A small room is required to maintain stock (also known as master) cultures of algae (TR). Dimensions vary but it can be as small as 2 x 3 m. The room should be insulated and the temperature kept cool. Shelving is needed with flourescent lights at the back to provide the light source. An air supply is also required. Test tubes with algal slants and small flasks with stock culture that are monospecific and axenic are kept in this room often in a refrigerated, illuminated incubator. Methods are described in a Part 3.
The next phase of culture uses stock cultures from the cool room and grows them in 4 l flasks and 20 l carboys against a bank of fluorescent lamps (SCR). This can be part of the main algal culture area or a small room off it. The space required depends on the number of species and amount of algae being produced. This area requires an air and carbon dioxide supply and needs to be kept at 15 to 18oC. Another adjacent small room (AR) houses an autoclave (a), which is used to heat sterilize medium for the small cultures. Some hatcheries use alternative methods to prepare culture medium and these are described in Part 3.
The size of the main algal culture area depends on the number of species being cultured and the amount of algae required. This area can occupy a substantial part of the hatchery. If most of the algae is raised inside the hatchery by the batch culture method then there must be sufficient space for a series of tanks that can measure up to 3-4 m in diameter and 2 m in depth. If the bag or tall cylinder culture methods are used the amount of floor area required can be reduced. Ballasts for fluorescent lamps used to illuminate cultures need to be of the “cool running” type or isolated in a separate area from which the heat they generate can be dissipated. This area should ideally be maintained at 15 to 20oC.
In many hatcheries, considerable portions of the algae, if not all, are raised in greenhouses. These can be stand-alone structures or attached to one side of the hatchery - preferably the south side in the Northern Hemisphere and northern side in the Southern Hemisphere, so as to receive as much sunlight as possible. The size of the greenhouse depends on the method of culture and quantities of algae that need to be produced.
Sufficient electrical power must be available for artificial lighting when natural sunlight is inadequate. Compressed air and carbon dioxide supplies are essential. There should be adequate ventilation or installed air-conditioning to maintain temperatures at or below 20°C on days when bright sunlight heats the facility. A generator will be required in areas where the electricity supply is unreliable and may be off for several hours or more at a time. Although survival of the algal cultures is not at risk in the absence of light for an hour or two, cultures need to be aerated. Diatoms will settle to the bottom of cultures without aeration and cultures may collapse.

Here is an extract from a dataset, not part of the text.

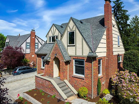 Fabulous Tudor style home in sought after Phinney Ridge location. Greenlake views. Spacious & extensively remodeled (2009) for modern day living - lake & Mt Rainier views. Wonderful layout with 3 bedrooms/ 1.75 baths on 2nd floor plus a 4th main floor bedroom. 1928 charm meets modern lifestyle: open floor plan, A/C & EV charging station. Hardwood floors. Entry. West facing living room. East facing kitchen & dining room with a fabulous wall of glass doors leading out to the oversized deck. Imagine summer here! Upstairs primary suite: Mt Rainier view, spa like bath w/ heated floors. Fantastic daylight lower level: large family room, office, rec-room & laundry room. Fully fenced yard. 2 off street parking spots. Walk score: 84 Bike score: 81

1.2.3.2 Broodstock holding and spawning area

Space is required to hold and condition broodstock (BC – Figure 5). The amount of space needed depends in part on the number of species being held and whether some or most of the conditioning will be undertaken in the open environment rather than in the hatchery. Heated or chilled seawater may be required for this aspect of operation at certain times of the year. The ability to isolate tanks so that photoperiod can be adjusted is desirable since it has been shown that varying periods of light and dark can affect gonadal maturation.
Space is required for spawning trays (sp) but this can be part of the larval rearing area since the space is not require continuously. Spawning trays or dishes can be stored when not in use. Methods for broodstock conditioning, spawning and fertilization are described in Part 4.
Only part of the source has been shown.